Dr. Mandy Michalsen is a research engineer with the U.S. Army Engineer Research Development Center (ERDC) in Seattle, Washington. Mandy’s current research areas focus on novel applications of groundwater remediation technologies to accelerate cleanup of explosives- and chlorinated solvent-contaminated aquifers, and polymeric samplers for measuring freely-dissolved contaminants in sediment porewater. Since joining U.S. Army Corps of Enginners (USACE) in 2008, Mandy has served as Principal Investigator and lead engineer on field-scale technology demonstrations and full-scale groundwater remedy optimization projects, resulting in multiple peer-reviewed research papers. She received her bachelor’s degree in civil engineering from University of Iowa, and both her master’s and doctoral degrees in civil engineering from Oregon State University.
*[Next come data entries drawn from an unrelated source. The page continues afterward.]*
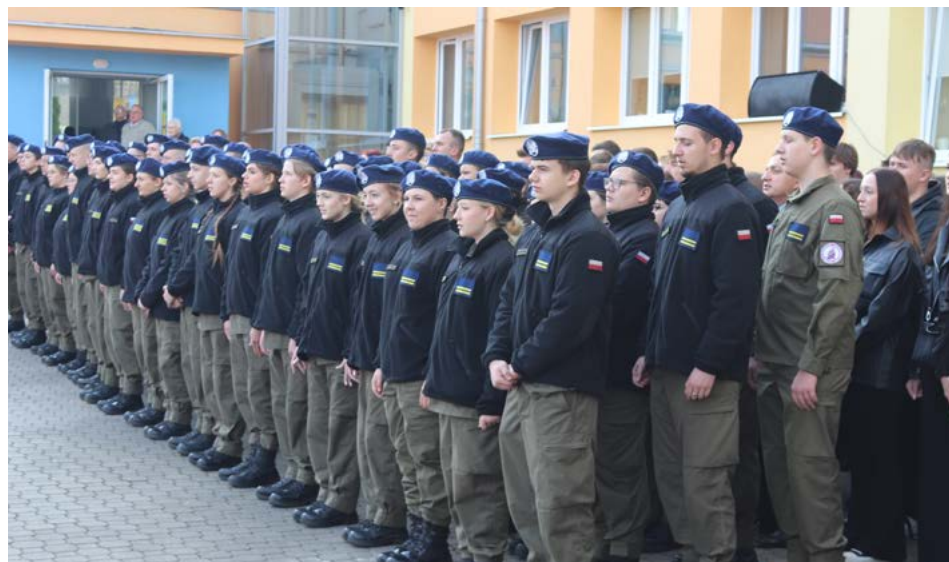
Uczniowie „Ekonomika”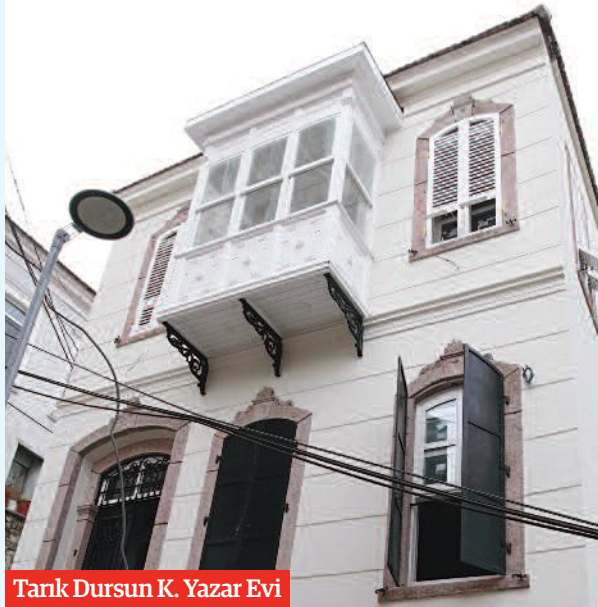
Tarık Dursun K. Yazar Evi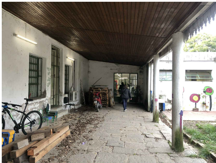
PAVIMENTO A RETIRAR Y CONSERVAR SEGUN MCP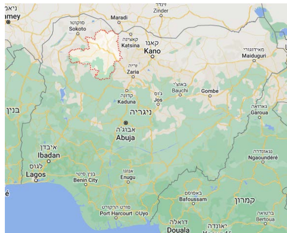
מדינת זאמפארה (Zamfara), שבצפון-מערב ניגריה

◀ ממשל מדינת זאמפארה (Zamfara), בצפון-מערב ניגריה, הודיע כי פעילי מחוז מערב אפריקה של דאעש ופעילי בוקו חראם הקימו מחנות במדינה. זהו דיווח ראשון של ממשל מדינת זאמפארה על קיומם של מחנות כאלה בשטחה מה שיכול להעיד שדאעש ובוקו חראם פועלים להרחבת פעילותם בצפון-מערב המדינה. זאת, ככל הנראה בשל הלחץ שמפעיל צבא ניגריה על הארגונים במדינת בורנו, בצפון-מזרח ניגריה. מדינת זאמפארה גובלת בחלקה הצפון-מערבי בניז'ר, וקרוב לוודאי שהדבר משמש את פעילי הארגונים לצורכי אספקה, מילוט וקשירת קשרים עם התארגנויות אסלאמיות הפועלות מעבר לגבול (ערוץ היוטיוב TVC News Nigeria, 18 באוקטובר 2022).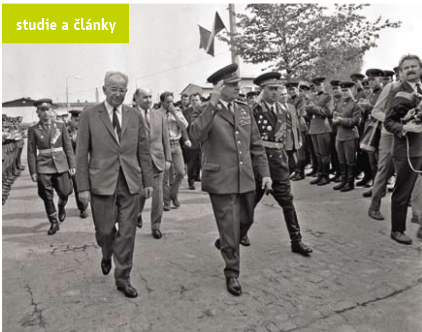
Dne 7. května 1969 navštívil prezident ČSSR Ludvík Svoboda a první tajemník ÚV KSČ Gustáv Husák a další představitelé střední skupiny sovětských vojsk „dočasně“ dislokovanou na území Československa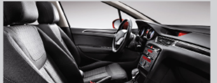
魅黑酷感灵动织物内饰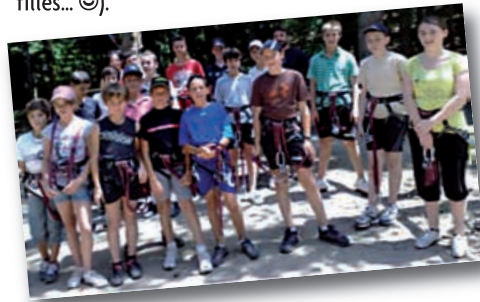
Sortie au Parc Ecureuil en juillet, avec 18 jeunes présents, dont 6 Futurs 6 es et 4 Futurs 2 des . Mais que 2 filles ?

Les deux dernières sorties organisées sont bien représentatives de la diversité de cette salle des jeunes (malgré un manque évident de filles... 😊).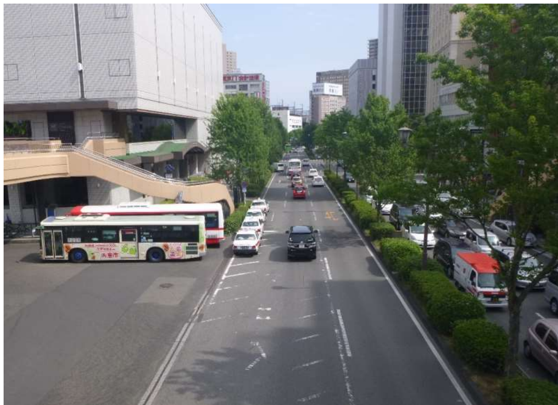
写真②:愛宕上杉通の植栽状況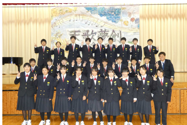
全校制作の前で。一人一人の作品が全体の一部になって素晴らしい作品が仕上がりました。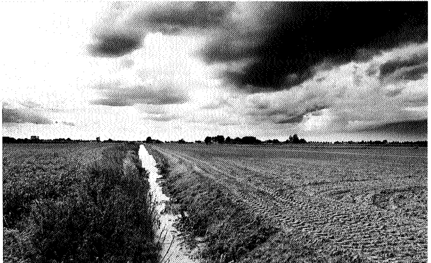
Veenkoloniën bij Kiel-Windeweer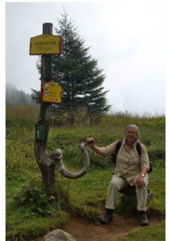
oben angekommen: 1.351 m

Für uns bleibt nur der gleiche Weg, den wir auch gekommen sind. Wir folgen der blauen Markierung zurück ins Tal nach Oravice. Links begleitet uns ein Bach.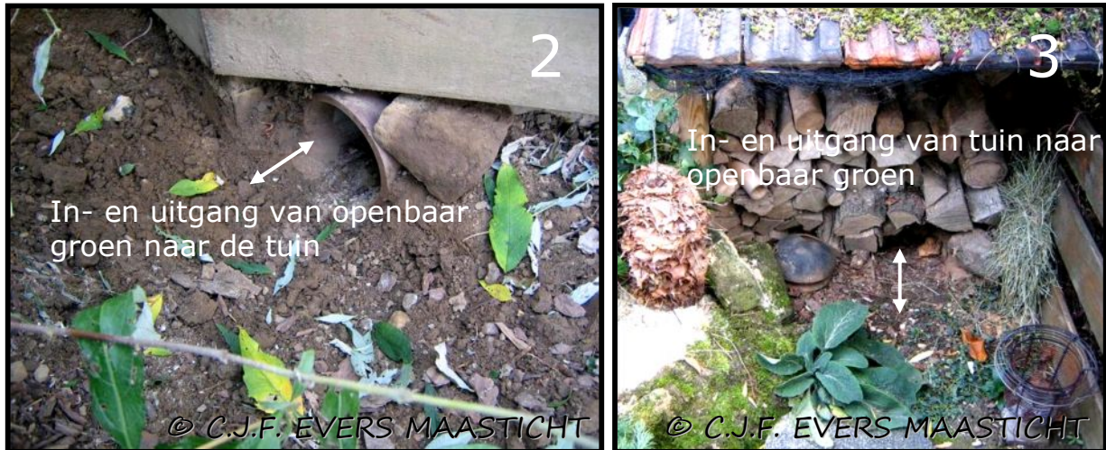
Afb.2 en 3 Bij de tuinaanleg is rekening gehouden met egels. Onder de "houtwal" is een ruimte gemaakt waar egels kunnen overwinteren. Ook een doorgang van de tuin naar het openbaar groen.

Als het verblijf klaar is hou je de eerste tijd alles goed in de gaten, maar als er niets te zien is of gebeurd, raakt het in de vergetelheid. Totdat je ineens vreemde uitwerpselen tussen de planten vindt. Dan wordt er weer extra opgelet.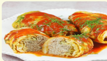
Golabki - Cabbage rolls 595RD

Meatballs with mushroom sauce served with potatoes and red cabbage.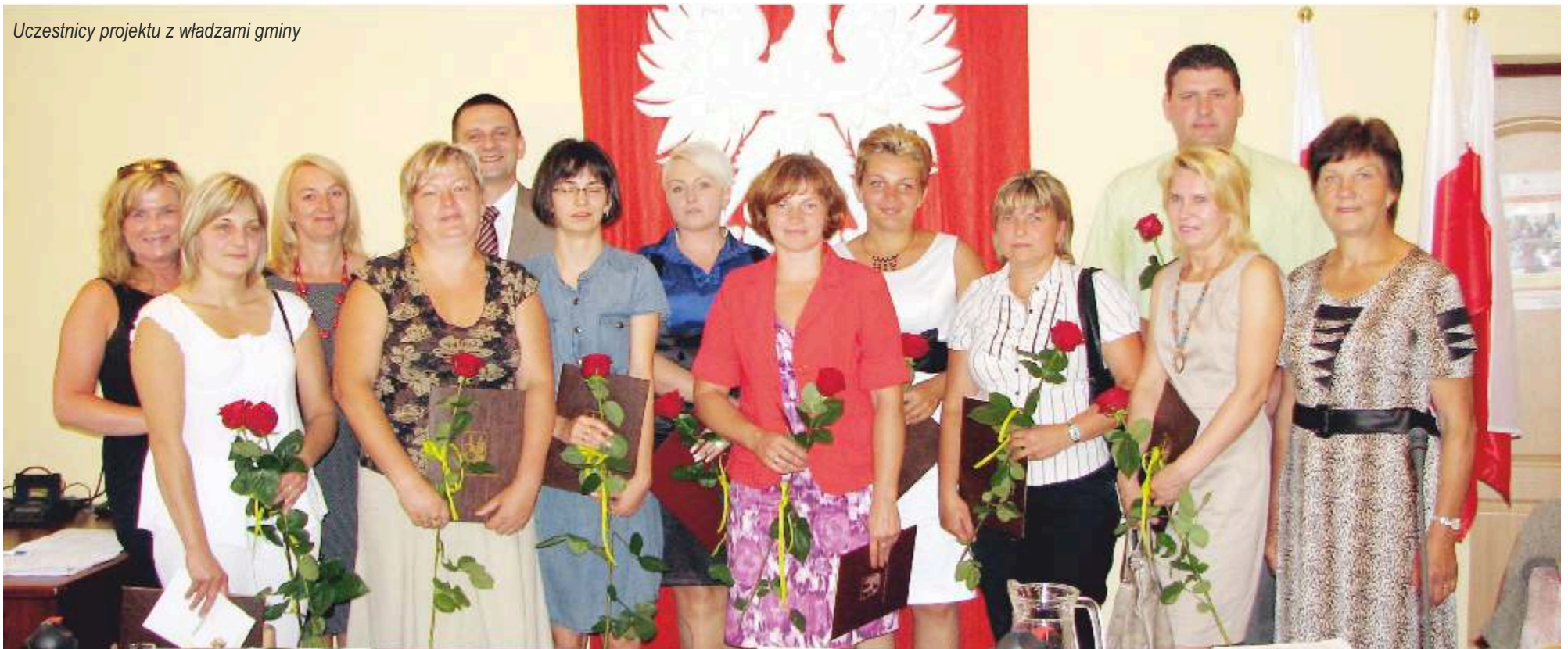
Uczestnicy projektu z władzami gminy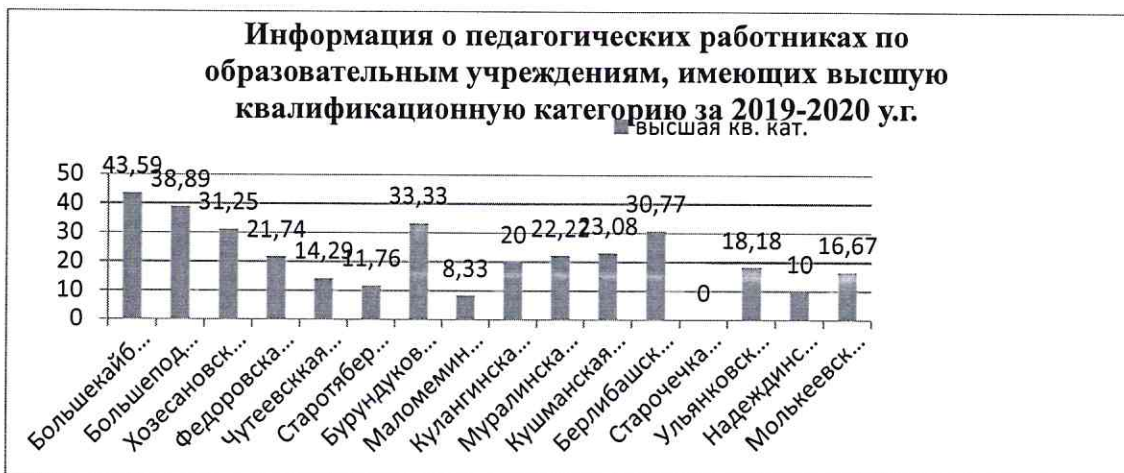
Рис. 2 Показатели высшей квалификационной категории в разрезе школ

Самые высокие показатели по наличию высшей квалификационной категории отмечаются в Большекайбицкой школе, Большеподберезинской, Бурундуковской и Хозесановской школах. В образовательных учреждениях с наименьшими показателями по высшей категории необходимо усилить выполнение методической задачи по обеспечению роста квалификации педагогических работников (рис.3,4).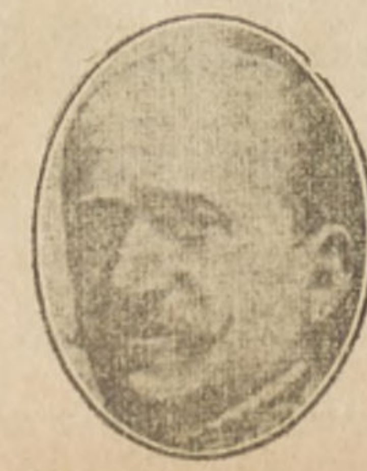
Conde de Romanones.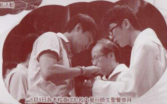
6月9日為本校首次於校內舉行師生聖餐崇拜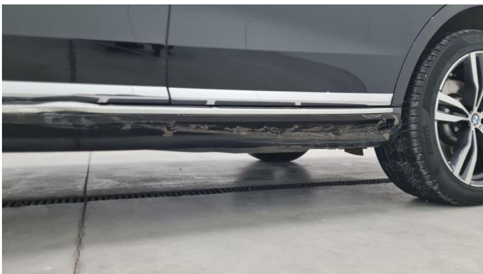
Photo 52. Próg L - zdjęcie poglądowe 2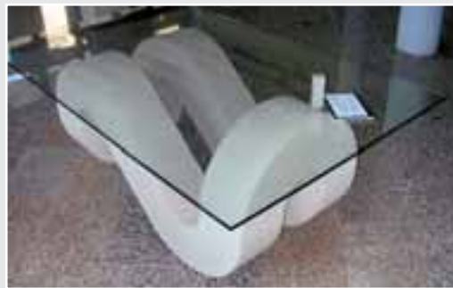
Tisch von Rouven-Renè Dost, Sandstein »Hahnbruch«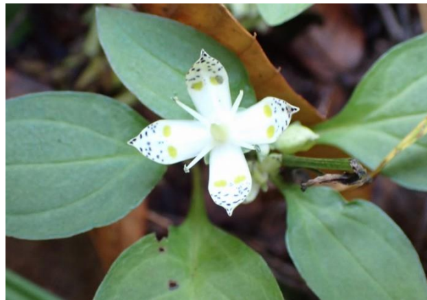
まだ咲いてたアケボノソウ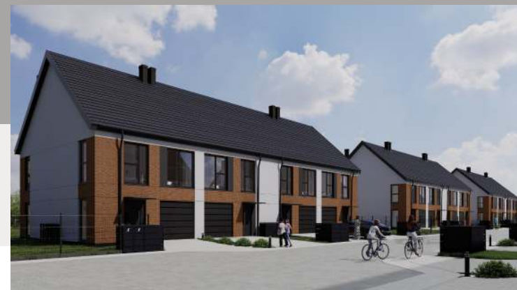
Widok od strony ulicy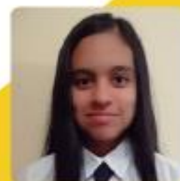
Carolina Mera Valdivia Arquitectura (UDEP)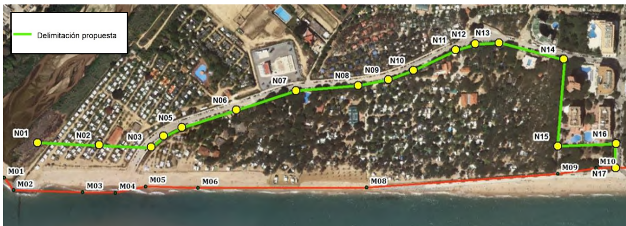
Figura 6. Propuesta de DPM-T

En conclusión, la poligonal del deslinde reflejado en el proyecto tiene una longitud aproximada de 1.142 m, y está definida por 17 vértices, desde el vértice N-1, situado en la desembocadura del río Tordera, hasta el vértice N-17, situado en el paseo marítimo, incluyendo la playa y dunas embrionarias, así como el cordón dunar secundario.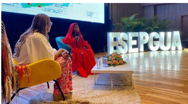
El evento contó con la ministra de Vivienda, Catalina Velasco, la gobernadora Diala Wilches y los 15 alcaldes de La Guajira.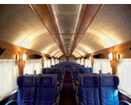
Arch. : David Betts & Paolo Dario

Visto que as cores foram imprimidas pode haver diferenças com a realidade, por isso a nossa carta de cores com amostras de tela está ao seu dispor. Os reflexos das telas lacadas podem variar em função das formas, separações e outros. A largura de telas sem soldadura pode variar entre 1m50 até 2m56 segundo a acado de tela escolhido. É favor consultar a tabela das larguras de tela para conhecer as medidas exactas. Segundo a intensidade de exposição ao brilho solar, da composição da atmosfera (fumo...) da peça, a côr pode variar com o passar do tempo.

Prior to joining ERDC in November 2014, Mandy was chief of soils at the USACE Seattle District.
Dr. Kate Kucharzyk is a principal research scientist with Battelle Memorial Institute in Columbus, Ohio. Since joining Battelle in 2014, Kate has served as a Principal Investigator on projects focusing on applying and monitoring bioremediation processes in contaminated sites. With detailed knowledge of molecular biological tools and experience in assessment of remediation technologies, Kate is currently a Principal Investigator at Battelle’s Chemical, Biological, Radiological, Nuclear, and Explosives (CBRNE) Advanced Omics BU aiding in study design, assay selection, and result interpretation. Her project experience and fields of expertise include soil, groundwater and sediment remediation, biochemical basis of bioremediation of munition constituents and omic technologies in performance monitoring. She has reviewed and interpreted data for optimization of remedial technologies and geochemical and biological characterization of contaminated sites. She received her master’s degree in biochemistry from Maria Curie University in Poland and a doctoral degree in environmental microbiology from the University of Idaho.